To help alleviate the anxiety we feel when we lose this rhythm, Freeston recommends building a new one. “You have to make sure you’re creating enough safety signals for yourself. What are the things that, even if we have to go back into lockdown again, you can count on?”

Importantly, it has to be things that you can control, so post-lockdown bucket lists are less useful for these purposes. “Lots of people are projecting into the future, thinking ‘This is what I’m going to do when ...’ But some of those things might not happen, or they might happen in a different way from what you envisage,” Freeston points out. “Instead, think about how to build some structure into your daily life that you can rely on, so that you know what will be happening at 7:30 am on a Monday morning whether or not the schools reopen. If everything goes smoothly, you won’t need these safety cues. But if it doesn’t, you’ll feel less unsettled by it all.”

Play Around the Edges

As much as we might like to, we can’t stay cooped up in our apartments eating comfort food and watching Beauty and the Beast forever. “Almost everything we do in life has an element of uncertainty to it,” Jacoby points out. “When we use our stove or drive into work, we’re accepting some level of risk that our home may burn down or that we may be in a car accident.
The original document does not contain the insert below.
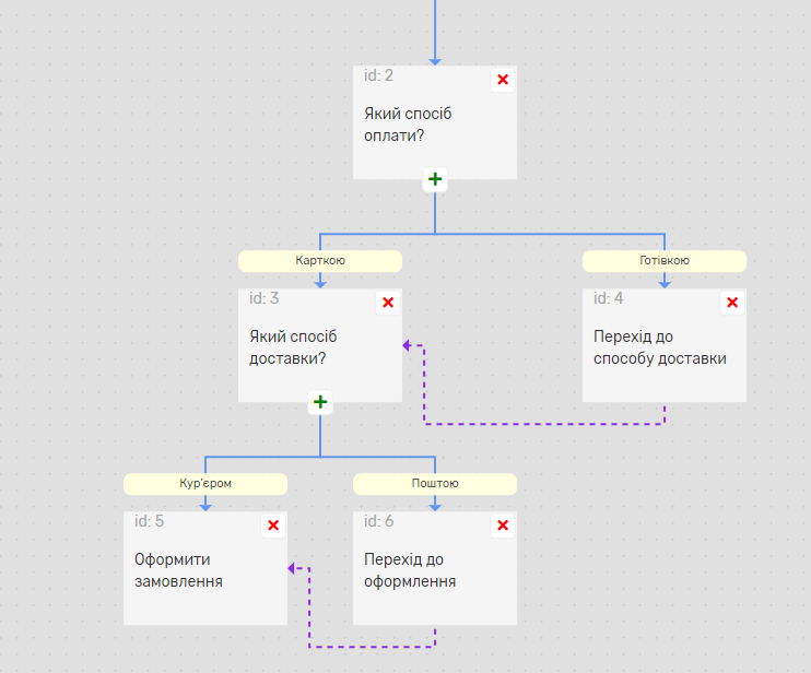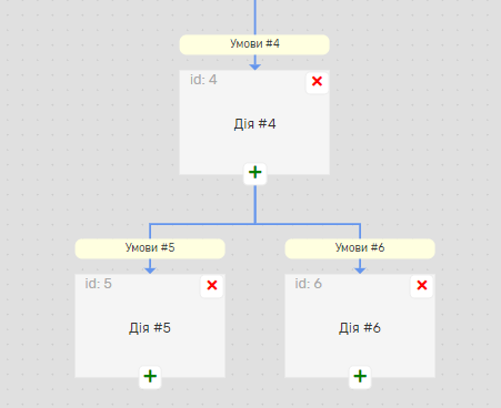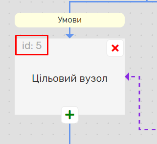 - заборонено перехід на вузол із типом дії “Перейти на інший вузол”

Instead of trying to run away from it, challenge yourself to practice tolerating uncertainty.”

Freeston recommends starting out small. “Once you’ve found those things that help you regain a sense of safety, start building in some elements of flexibility,” he advises. “So you can still watch movies from when you were a kid, but maybe ask your roommate to pick from a selection, so you don’t know which one it will be.” Once you’re comfortable with that level of uncertainty, you can add in more.

But you won’t tolerate even small amounts of ambiguity until you feel safe again, Freeston warns. “We want people to become more tolerant of uncertainty, but you can only do that if you’re feeling safe. So you need to become secure first, and then you can start playing around the edges.” Consider that permission to spend this weekend watching reruns of your favorite show.